Mouse Monoclonal Antibody to Human Ki67, Ki-67 Cat# MCA-6G3

      The Ki67 protein was first discovered in an attempt to generate cancer specific monoclonal antibodies. Mice were injected with nuclear preparations from Hodgkin's lymphoma cells. One hybridoma produced an antibody which strongly stained the nucleoli of dividing but not quiescent cells. The antibody was named Ki67; the name was derived of Kiel, Germany which was where the work was performed, and the number 67 was the well number in which hybridoma was first identified (1). The original Ki67 antibody recognizes a very large protein with two isoforms of 345kDa and 395kDa. Western blots often show a ladder of smaller fragments of these isoforms since the proteins are rather unstable, consistent with their short in vivo half-life of about 1 hour. The two Ki67 proteins were found to be heavily expressed in proliferating cells, but to be absent in quiescent cells (2). The presence of the Ki67 protein is frequently used as an indicator of cell proliferation and its level of expression is one of the most reliable biomarkers of proliferative status of cancer cells. Much research shows a correlation between Ki67 protein level and prognosis in cancer patients, when high Ki67 levels being associated with poorer outcomes (3-7). The original Ki67 antibody and several others have become so widely used that a search for “(ki-67 or Ki67) AND antibody” in PubMed in August 2018 produced over 5,600 results. Recent studies show that Ki67 functions as a “biological surfactant”, which is essential for the separation of condensed chromosomal DNA into the two daughter cells during cell division (8). This presumably explains the highly basic nature of Ki67, allowing a charge-based interaction with nucleic acids, and the lack of this protein in non-dividing cells.

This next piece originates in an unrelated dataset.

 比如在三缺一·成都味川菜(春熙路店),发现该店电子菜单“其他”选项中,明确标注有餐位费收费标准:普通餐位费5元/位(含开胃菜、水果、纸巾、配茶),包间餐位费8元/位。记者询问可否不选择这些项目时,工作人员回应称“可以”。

      This antibody has been tested on formalin fixed and paraffin embedded samples for IHC, and is not recommended for this purpose.

1. Gerdes J, Schwab U, Lemke H, Stein H.  Production of a mouse monoclonal antibody reactive with a human nuclear antigen associated with cell proliferation. Int. J. Cancer 31:13-20 (1983).

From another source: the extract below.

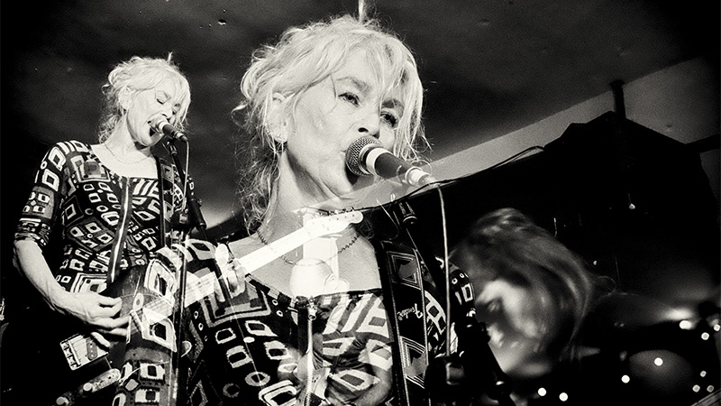 Joined by John Langley, drums; Mike Youe, bass and Neil Smith, guitar; Rita Lynch played getting on for twenty tunes to a rapturously rowdy response. Prior to the show she’d admit to feeling nervous – longer set than usual, four piece line-up, and playing older songs for the first time in years – but it was obvious from opening number All Dressed Up that she had nothing to fear. A sprawling, heavy dynamic piece that set the tone for the rest of the set. Langley was fierce all night, battering the kit, locked in with Youe and filling the beat with rolls and an attack that was exhausting just to watch. Youe is a forceful bass man, and needed to assert himself given the quality of the guitar playing on stage. He handled his corner with aplomb, melodic and yet aggressive too. He was a physical presence on stage, and offstage too as he forced his way in to the crowd on a couple of occasions. The rhythm system totally locked down the groove for Lynch: a rock solid foundation, physical and precise, such was their effort that an emergency call for cider was made mid-set to rehydrate. Neil Smith was on fire throughout the set, peeling off incendiary solos at will – finely judged and never distracting from the song or showboating; innovative and a million miles away from the generic shred by numbers solos requiring twelve fingers. All three musicians were clearly enjoying themselves, grinning like it was going out of fashion and performing with total enthusiasm for the material.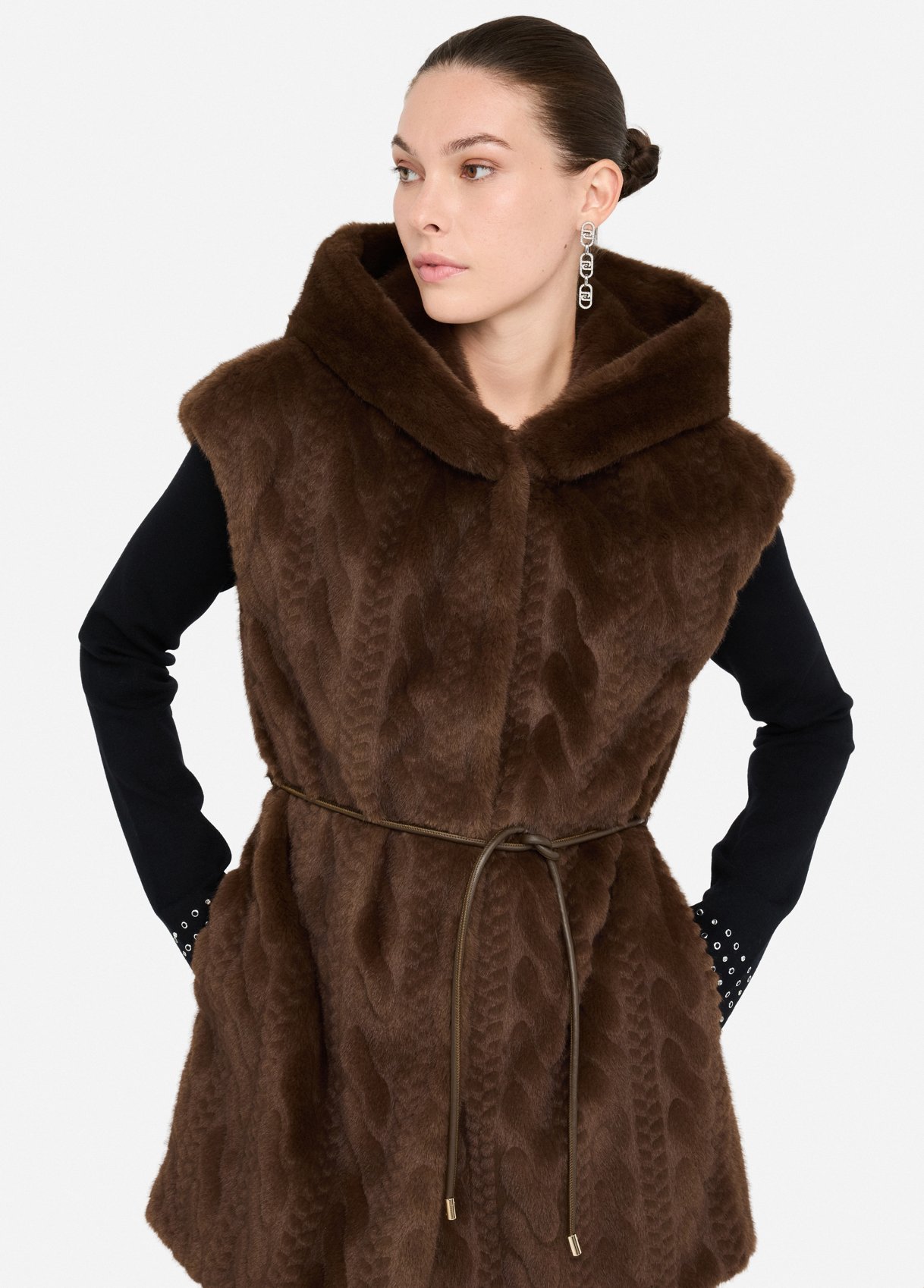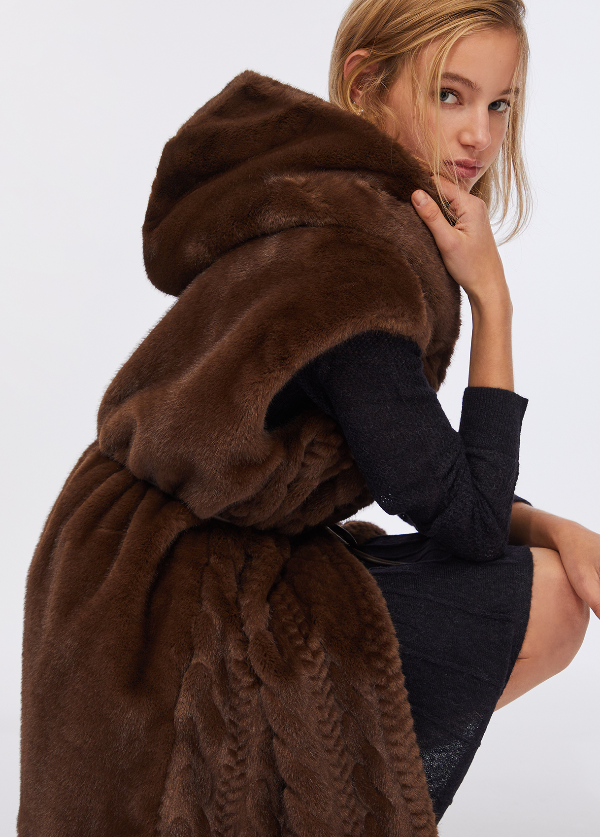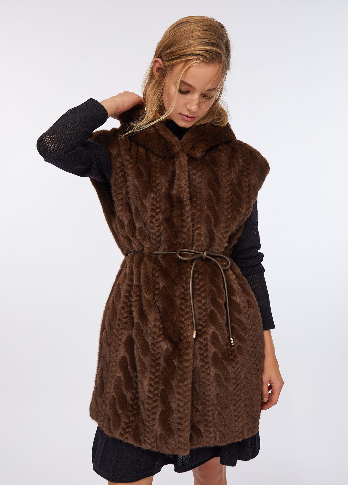 Soft faux fur vest featuring a cable-knit effect on the front, an enveloping hood, side pockets, and hidden snap fastening. The tonal belt defines the waist, creating a refined and cosy silhouette that blends comfort and sophistication — the ultimate layering piece for the cold season.

2. Kill IR, Faragher RGA, Lawrence K. Shall S. The expression of proliferation-dependent antigens during the lifespan of normal and progeroid human fibroblasts in culture. J. Cell Sci. 107:571-9 (1994).
3. Yerushalmi R, et al. Ki67 in breast cancer: Prognostic and predictive potential. Lancet Oncol. 11:174–83 (2010).
4. Josefsson A, et al. Low endoglin vascular density and Ki67 index in Gleason score 6 tumours may identify prostate cancer patients suitable for surveillance. Scand. J. Urol. Nephrol. 46:247–57 (2012).
5. Ishihara M, et al. Retrospective analysis of risk factors for central nervous system metastases in operable breast cancer: effects of biologic subtype and Ki67 overexpression on survival. Oncology. 84:135–140 (2013).
6. Cheang MC, et al. Ki67 Index, HER2 Status, and Prognosis of Patients With Luminal B Breast Cancer. J. Natl. Cancer Inst. 101:736-50 (2009).
7. Margulis V, et al.  Multi-institutional validation of the predictive value of Ki-67 labeling index in patients with urinary bladder cancer. J. Natl. Cancer Inst. 101:114-9 (2009).
8. Cuylen S, et al. Ki-67 acts as a biological surfactant to disperse mitotic chromosomes.Nature. 535:308-12 (2016).